Computing both in SQL
Every warehouse has built-in functions for mean and median. The mean is easy: AVG(). The median is one of two patterns depending on your dialect.
Postgres, Snowflake, BigQuery, Redshift:
SELECT
AVG(session_duration_sec) AS mean_duration,
PERCENTILE_CONT(0.5) WITHIN GROUP (ORDER BY session_duration_sec) AS median_duration,
ROUND(100.0 * (AVG(session_duration_sec) -
PERCENTILE_CONT(0.5) WITHIN GROUP (ORDER BY session_duration_sec))
/ PERCENTILE_CONT(0.5) WITHIN GROUP (ORDER BY session_duration_sec), 1) AS skew_pct
FROM events.sessions
WHERE session_date >= CURRENT_DATE - INTERVAL '30 days';
MySQL 8, ClickHouse: ClickHouse uses quantile(0.5)(session_duration_sec). MySQL 8 has no built-in median; the standard workarounds are a window-function trick (ROW_NUMBER ordered, pick the middle) or a UDF.

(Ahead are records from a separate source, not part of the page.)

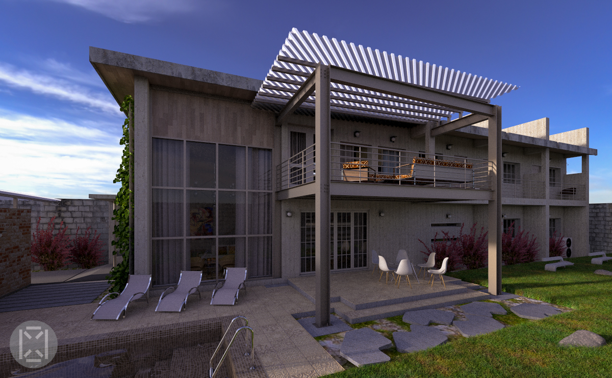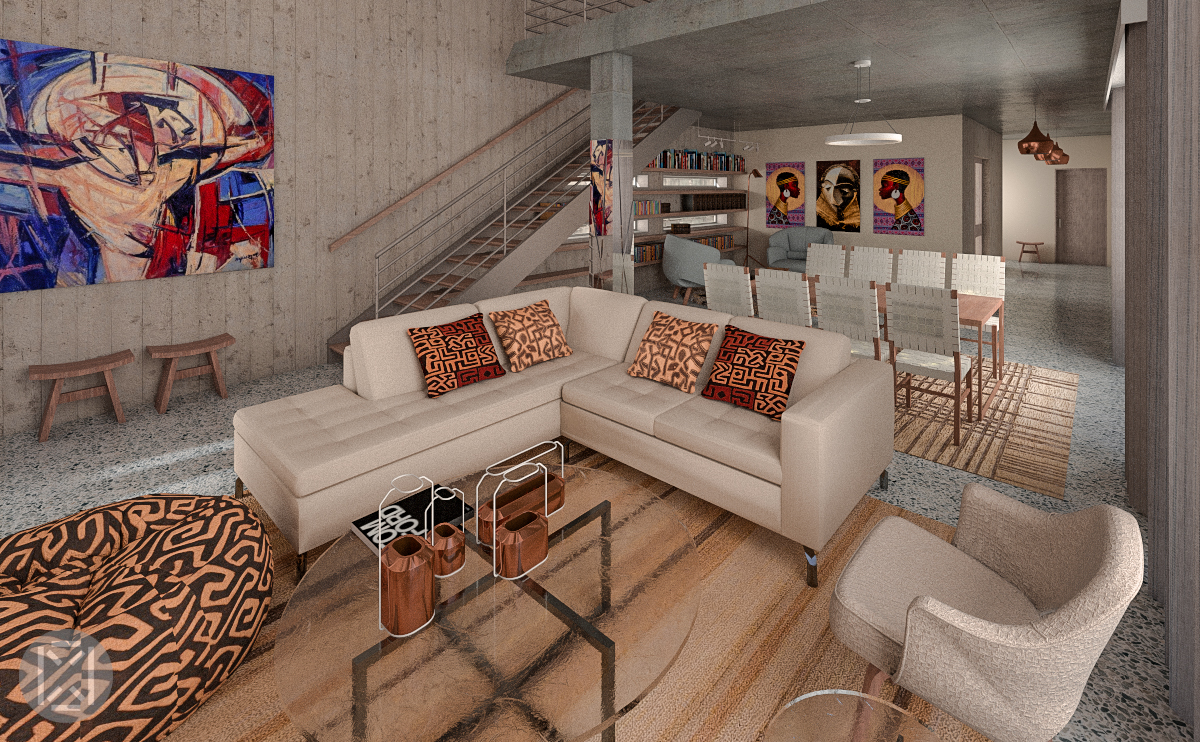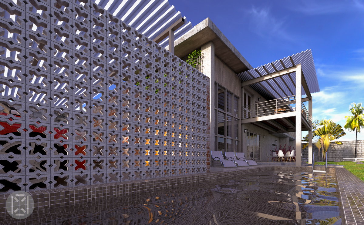 L’ensemble de la façade Sud du salon est vitré pour baigner les espaces clos avec la lumière naturelle dans une ville où l’électricité n’est pas garantie chaque jour du matin au soir et pour maximiser l’ombre naturelle du Sud, loin du dur soleil tropical du Nord.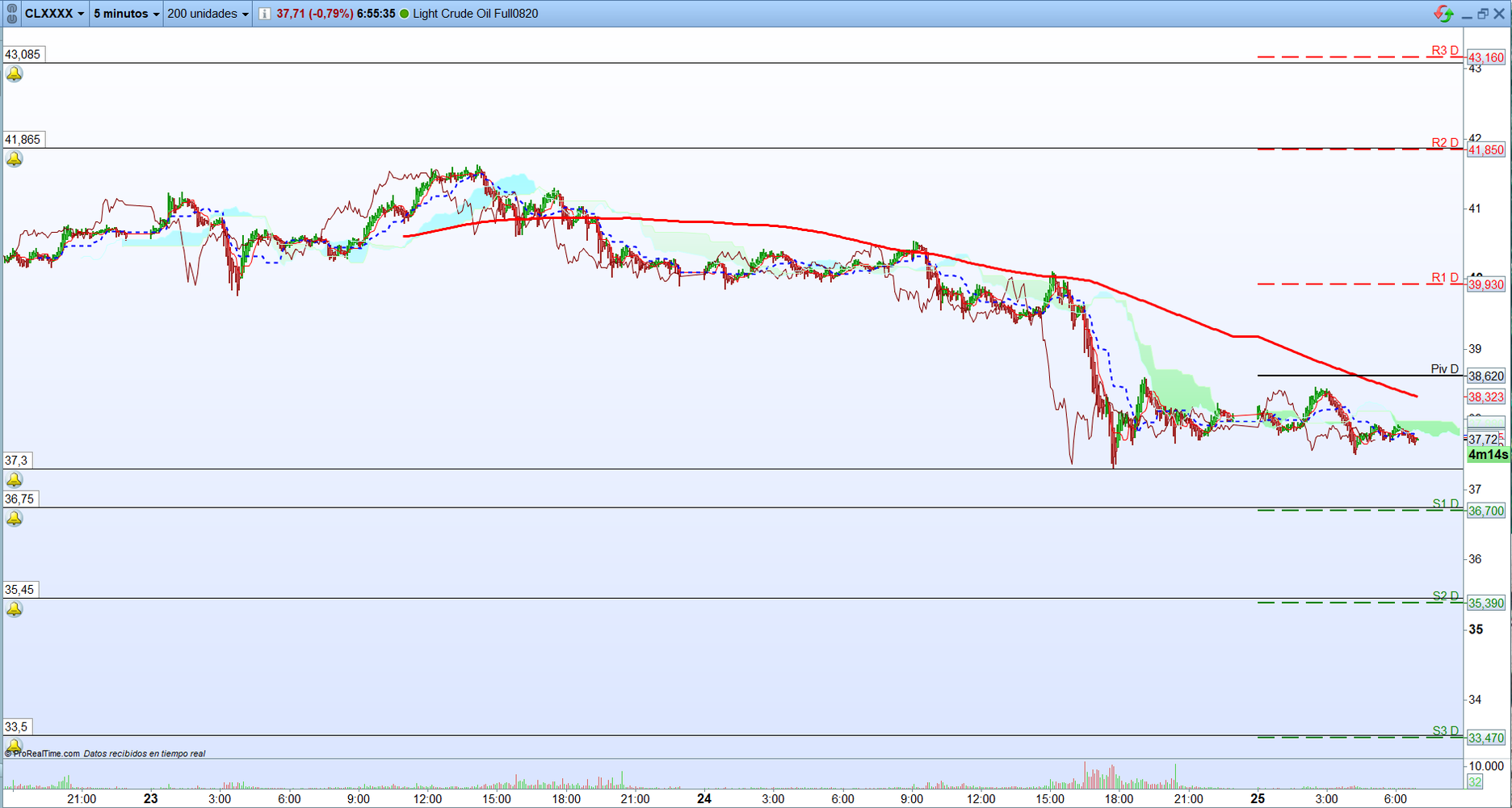Futuro del Petróleo: ¿Qué zonas son operables hoy en el CP?Mónica Triana García / Carlos Gil Barceló. Analistas de tradingEl Futuro del petróleo en estos momentos está cotizando en 37,72. Si el precio iniciara un movimiento bajista y perdiera 37,30 y nos quedara espacio suficiente antes de S1 situado en 36,70 podríamos valorar un corto considerando un objetivo reducido del orden de 10 a 15 puntos. Si se perdiera S1 podríamos volver a valorar un corto, considerado un objetivo superior del orden de 20 a 25 puntos hasta aproximarnos a S2 en 35,39 que podría actuar como soporte. Si se perdiera también S2, podríamos volver a valorar un corto considerando un objetivo del orden de 30 a 40 puntos antes de aproximarnos a S3 situado en 33,47.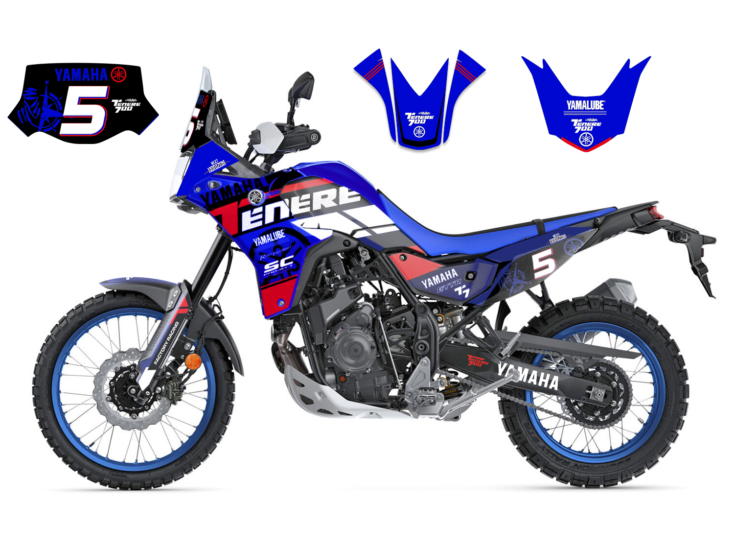 Description: Full decals kit for all YAMAHA Tenere 700, 2025 models. This kit includes the following stickers: fork protectors le./ri., fender front/rear, rad covers le./ri., a full number plate kit and swingarm le./ri. in a BlueRacing design.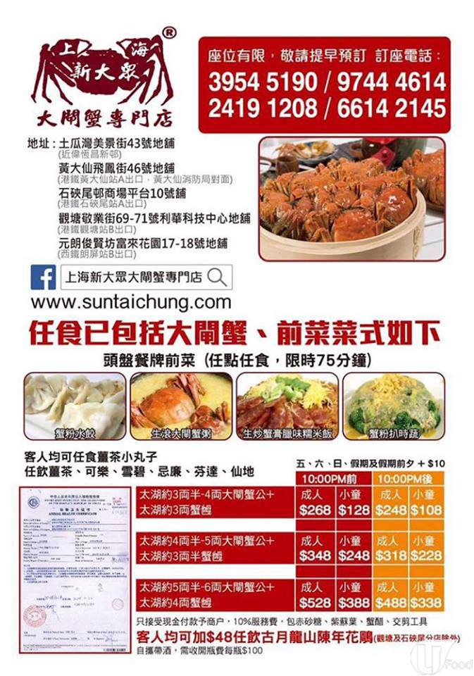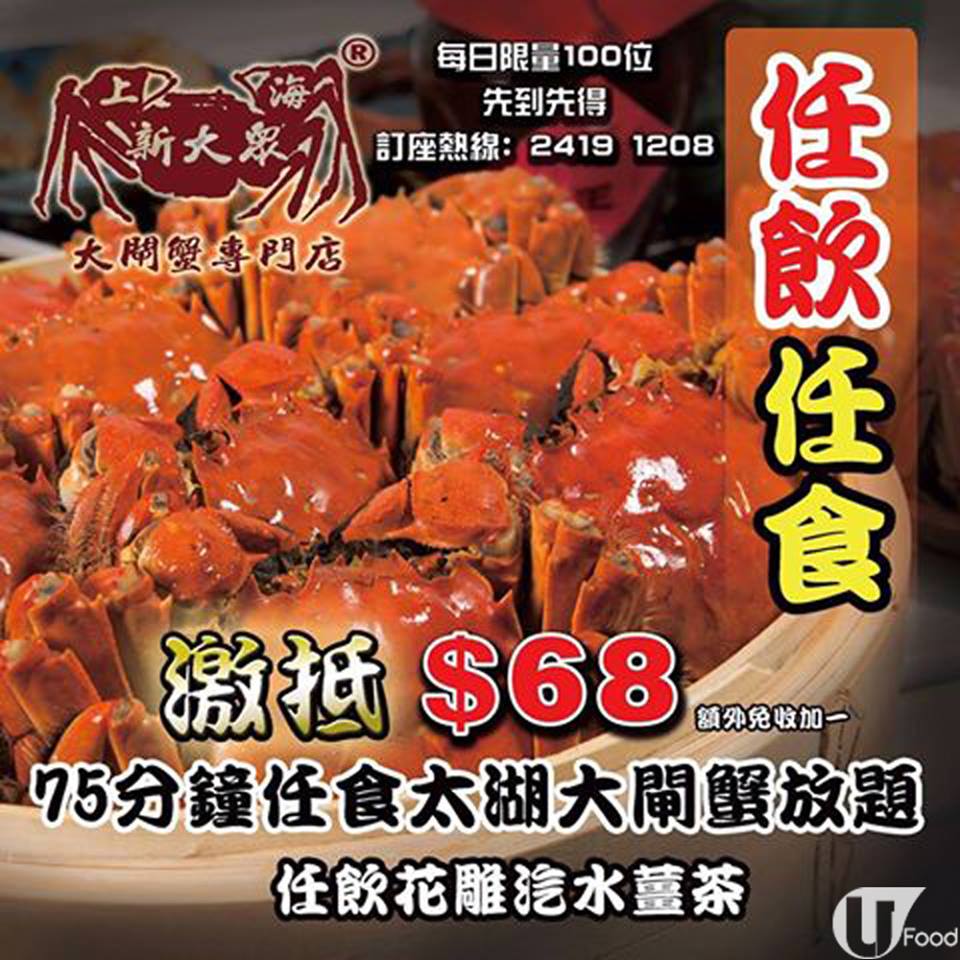 上海新大眾大閘蟹專門店除咗搞咗個「大閘蟹小姐」選舉外,最近又有新 gimmick,就係 $68 任食大閘蟹!任食 item 同 $268/ 位的一樣,每日在旗下 5 間分店進行,5 間分店名額共 100 個,每日下午 5 點開始派籌,1 人限 1 籌,先到先得。食平嘢,總要付出代價,平成二百蚊喎,抵排啦!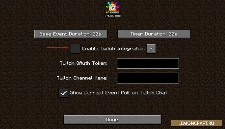 Для правильной работы мода нужно произвести отключение или настройку параметра "Enable Twitch integration" , как показано на скриншоте.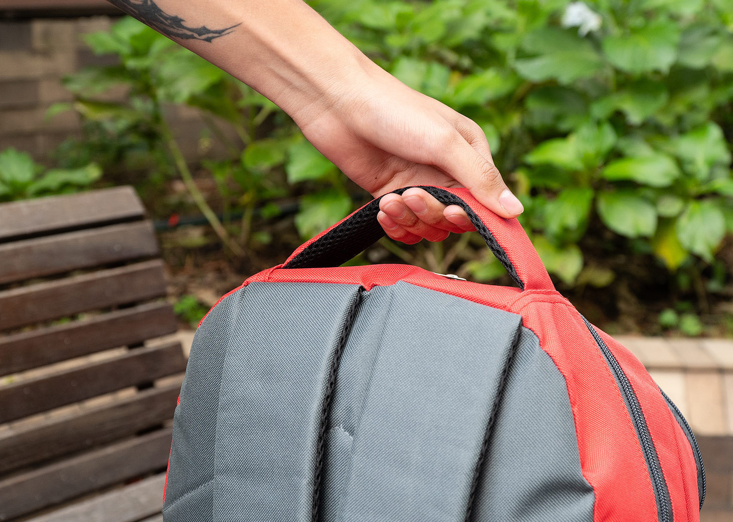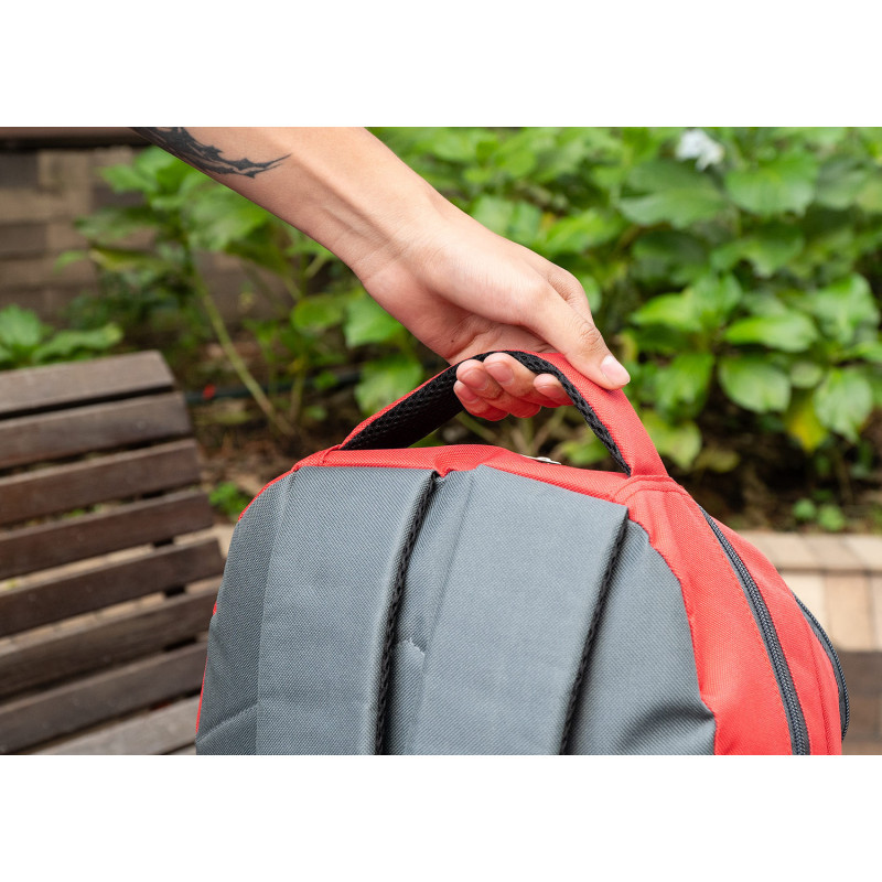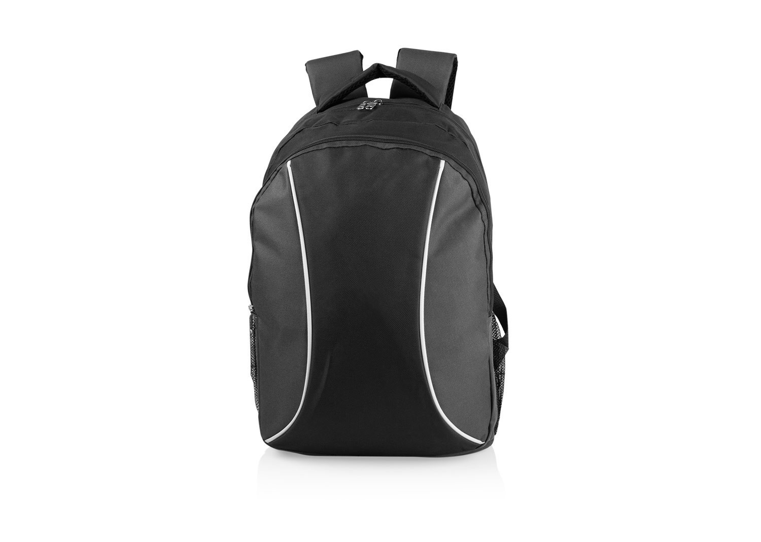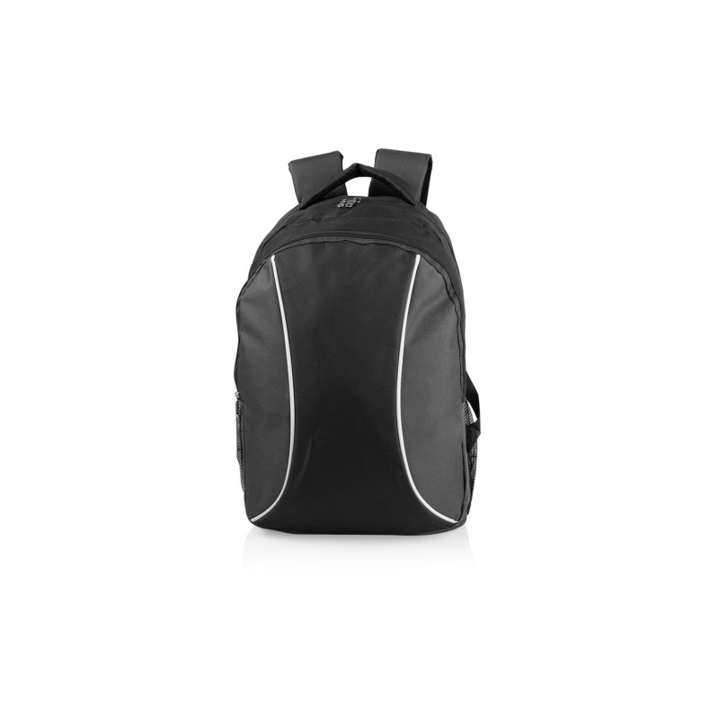 Morral con cargaderas ajustables, bolsillos principal y frontal con cremallera. Bolsillos laterales en malla, útiles para botellas.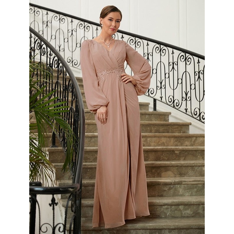 A-Line/Princess Chiffon Applique V-neck Long Sleeves Floor-Length Mother of the Bride Dresses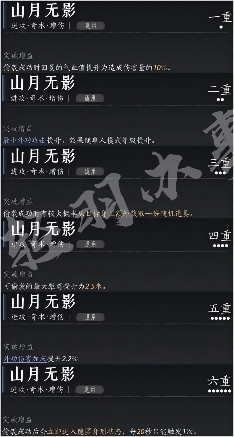 山月无影(通) | | 清河·齐声处五音启太平玩法点天赋获得,累计需要9个蹊跷可拿到——象工之乐一 | |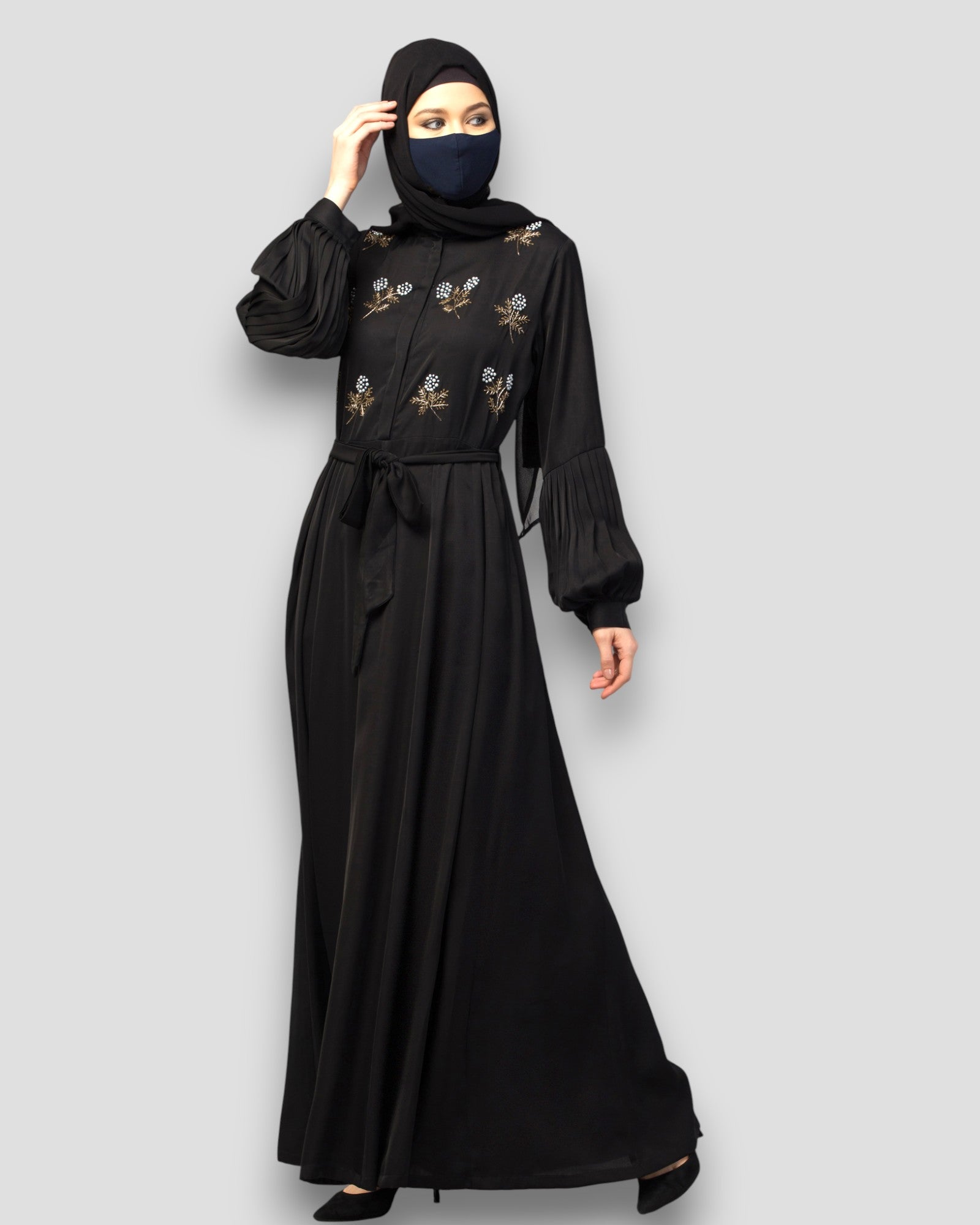 Premium Abayas Online - Black Embroidered with Pleated Sleeves & Belt

On a real session-duration dataset, typical output looks like: mean 87 seconds, median 42 seconds, skew 107%. Mean overstates by 2x because a small number of long sessions (idle tabs, scroll-and-leave) drag the average up while never affecting the typical user. The skew_pct column is the line to watch: above 20%, the choice of summary changes the story and the dashboard should be explicit about which one it is using.
Takeaway
Mean and median answer different questions. Mean answers “what’s the total, divided across units.” Median answers “what does the middle unit look like.” On the kind of skewed data that’s standard in operations and analytics, picking the wrong one moves business decisions toward a customer who doesn’t exist. Pick median when you’re sizing for the typical case, mean when you’re sizing for total volume. And before either one lands in a recommendation, look at the histogram.